The ending, bewildering as it is, could be taken several ways. (Assuming, that is, that you don’t just want to dismiss it as the final absurd straw.) It certainly doesn’t offer a simple conclusion to the film. We might imagine that Daisatō will be redeemed by a final victory, or that at least he’ll learn some important life lesson – but then that wouldn’t be an honest follow-on from what’s gone before. Instead he gets a thorough beating and then stands impotently by while someone else saves the day. Despite having a superpower, he’s ultimately powerless. We might, alternatively, expect that the appearance of his grandfather at the big showdown is going to lead to a cross-generational team-up and some kind of heart-warming family moment. The film has spent a fair bit of time prior to this showing us that Daisatō has a genuinely loving relationship with his grandfather, perhaps the last family member or friend who hasn’t run out on him or screwed him over. Surely there’ll be some kind of payoff to that? But no, the film rejects that option too. The older generation, it seems, doesn’t have the answers (or in this case, the fighting moves) needed to resolve the younger generation’s problems.
Perhaps it’s a metafictional thing. The low production values make the final scene stand out against the rest of the film, but that wasn’t any more “real”, it was just a different kind of fake. The documentary style of most of the film is fraudulent precisely because it’s trying to imitate reality (and let’s not get started on the degree to which documentary or “reality” TV is staged). The Dainihonjin fight scenes are rendered with what, in 2007 and since, looks like second-rate CGI, crawling along the floor of the uncanny valley. It helps to make the rogue monsters unsettling as well as laughable, properly weird, but it’s just as obviously false as the rubber costumes the Super Justice family turn up in. And they’re just as unsettlingly weird in their own way. They seem to inhabit a plane of reality that belongs in a 1960s TV studio. We’ve heard Daisatō pining for the days when his grandfather was kept busy by weekly kaiju attacks, he enjoyed respect and his adventures were broadcast on prime time TV – in other words, the 1960s and 70s when the pulp superhero output of Tsuburaya Productions and their rivals ruled the airwaves. There’s more than a touch of Ultraman about Super Justice and his relatives. Perhaps this is a way of telling Daisatō (and us) to be careful what he wishes for – those “good old days” weren’t as glamourous as he imagines.
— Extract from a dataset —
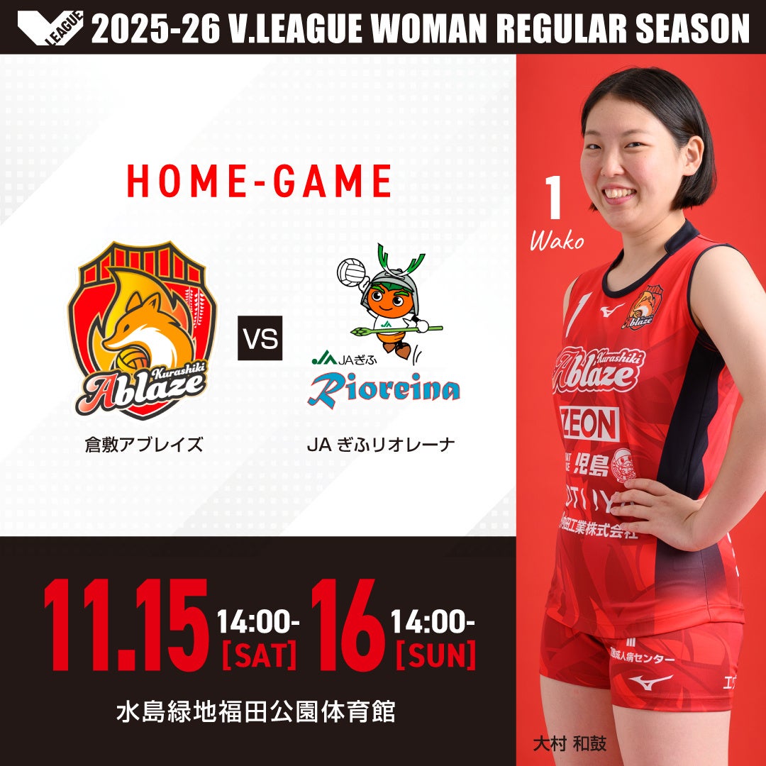 倉敷アブレイズ(Vリーグ/女子)は、11月15日(土)・16日(日)に水島緑地福田公園体育館(倉敷市)にてホーム開幕戦を開催いたします。

Or maybe there’s a political angle. After all, Super Justice may have the look and the trappings of Ultraman, but he’s explicitly an “American Hero” – an on-screen caption tells us so, in large, unmistakeable katakana characters. (Just in case the nuclear family, the way they greet Daisatō with a loud, slow “Nice to meet you!” in accented English, the red-white-and-blue colour scheme and the stripe and star motifs on the costumes didn’t give it away.) Maybe this is a belated comment on Japan’s involvement in America’s “coalition of the willing” in Iraq, or Japan’s broader relationship with America at this time, with Daisatō pressured into supporting the family’s excessively violent antics even though he’s clearly surplus to requirements.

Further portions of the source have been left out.